MSRB Waives Market Activity Fees for Transactions with the Municipal Liquidity Facility. On May 28, the MSRB filed a proposed rule change for immediate effectiveness with the SEC to amend MSRB Rule A-13 on underwriting and transaction assessments for broker-dealers, which provides temporary relief from certain market activity fees related to the new Municipal Liquidity Facility (MLF) established by the Federal Reserve in June. Pursuant to the amendments, the following fees are waived: (i) the underwriting fee (formerly in the amount .00275%, or $.0275 per $1,000) assessed against the par amounts on primary offerings purchased by or on behalf of the MLF; (ii) transaction fees on sales to the MLF (formerly .001%, or $.01 per $1,000 of the aggregate number of reported transactions); and (iii) technology fees (formerly $1.00 per transaction) assessed against sales to the MLF. The MSRB intends the waiver to be temporary and to expire at the same time as the MLF, which is currently scheduled to cease purchasing Eligible Notes (i.e.
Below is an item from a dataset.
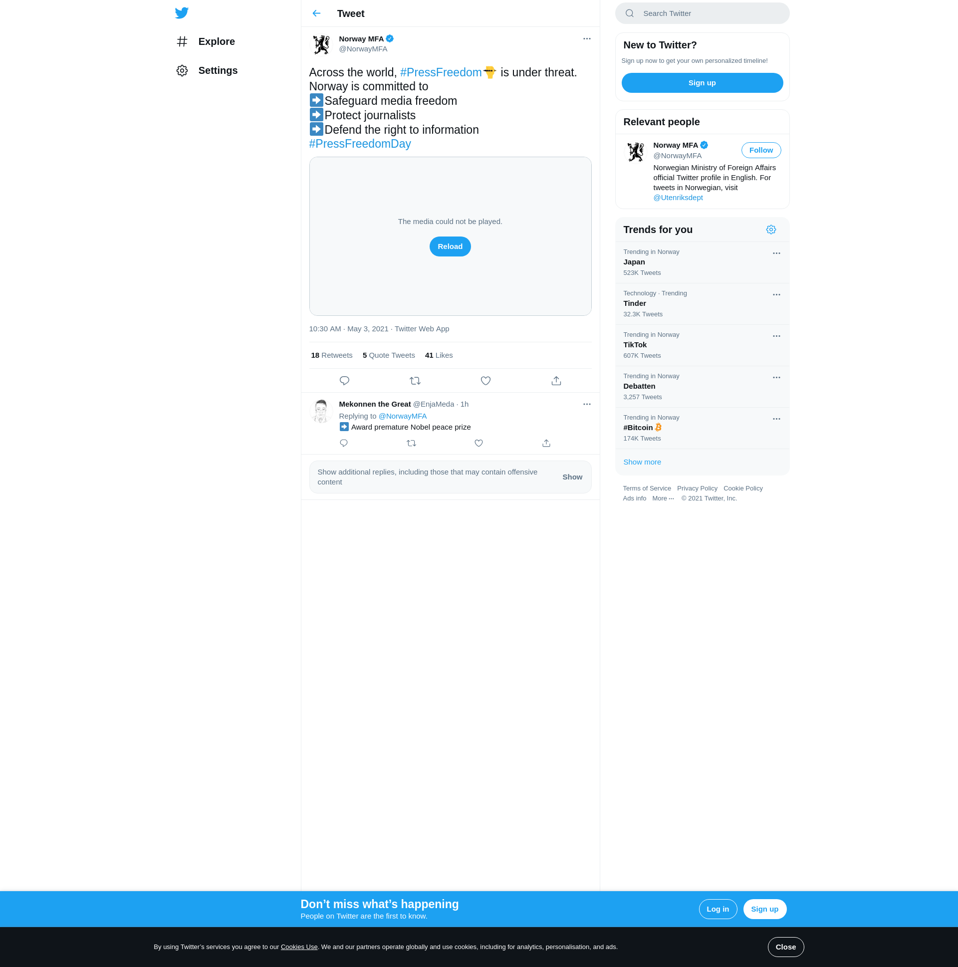 Across the world, #PressFreedom is under threat. Norway is committed to ➡️Safeguard media freedom ➡️Protect journalists ➡️Defend the right to information #PressFreedomDay https://t.co/skaSf8Fwgy
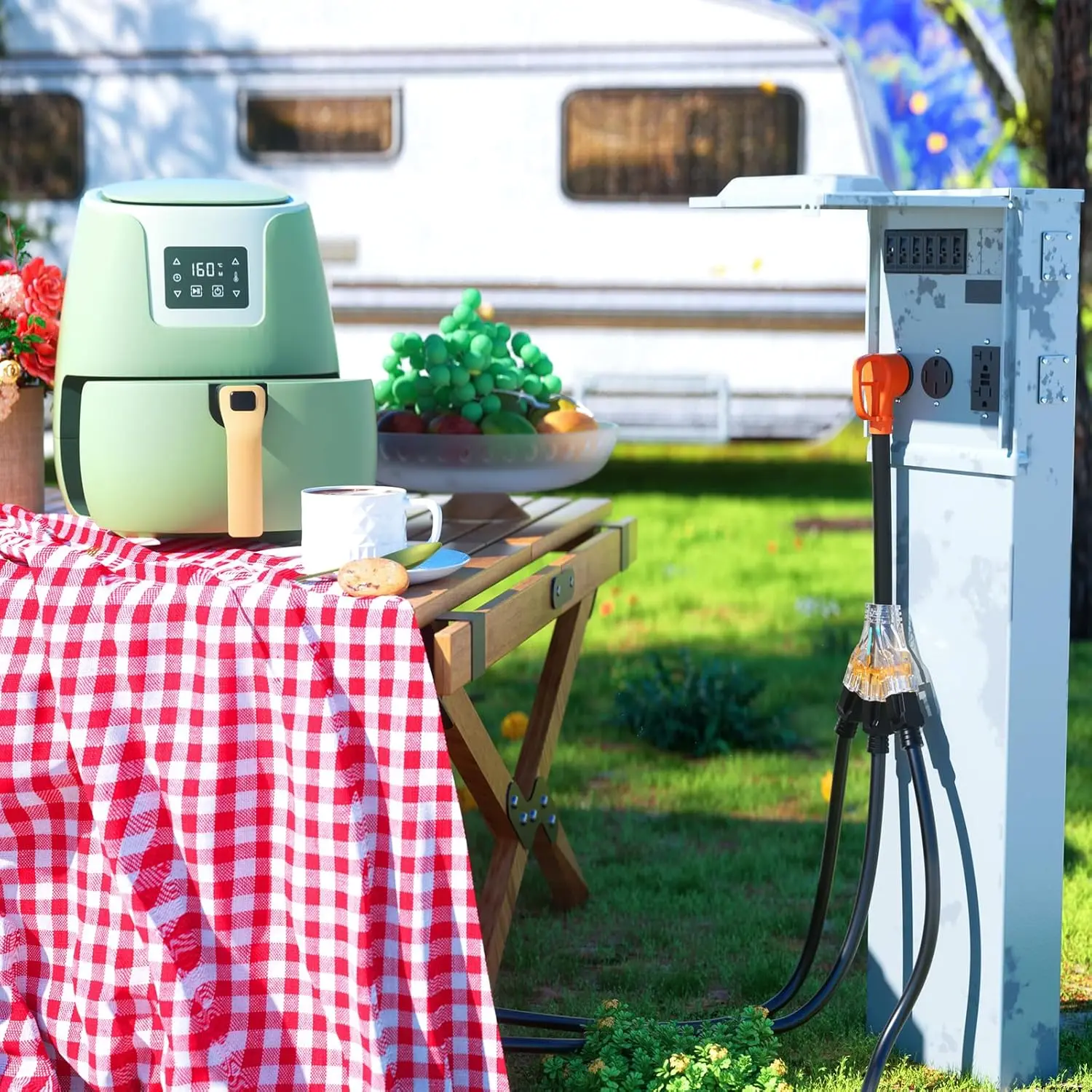 Usually plugs into the power source of the campground, generator or the TT-30 power outlet box.

Tax Anticipation Notes, Tax and Revenue Anticipation Notes, Bond Anticipation Notes , Revenue Anticipation Notes, and similar short-term notes from eligible issuers) on December 31, 2020, unless the Federal Reserve decides to extend the program.
MSRB Amends Certain Rules to Provide Regulatory Relief During COVID-19 Pandemic. On April 9, the MSRB filed a series of proposed rule changes with the SEC for immediate effectiveness seeking to provide regulatory relief on a temporary basis to broker-dealers and Municipal Advisors in light of the operational challenges due to the ongoing COVID-19 pandemic. In an effort to afford regulated entities an opportunity to better manage and allocate resources, the proposed rule changes: (i) suspend late fees owed for the period of March 1, 2020 through July 31, 2020; (ii) modify the date by which compliance obligations must be completed under certain MSRB rules for a temporary period; and (iii) extend the compliance date of certain rule changes that have yet to be implemented. The changes affect MSRB Rules A-11 (on fee payment guidelines), A-12 (on registration with the MSRB), G-3 (on professional qualification requirements), G-27 (on supervision), and G-44 (on the supervisory and compliance obligations of Municipal Advisors).
Harsha Sekar is an attorney in KAV’s Public Finance Group. His practice involves the representation of underwriters, issuers and borrowers, banks and other transaction participants in municipal securities offerings.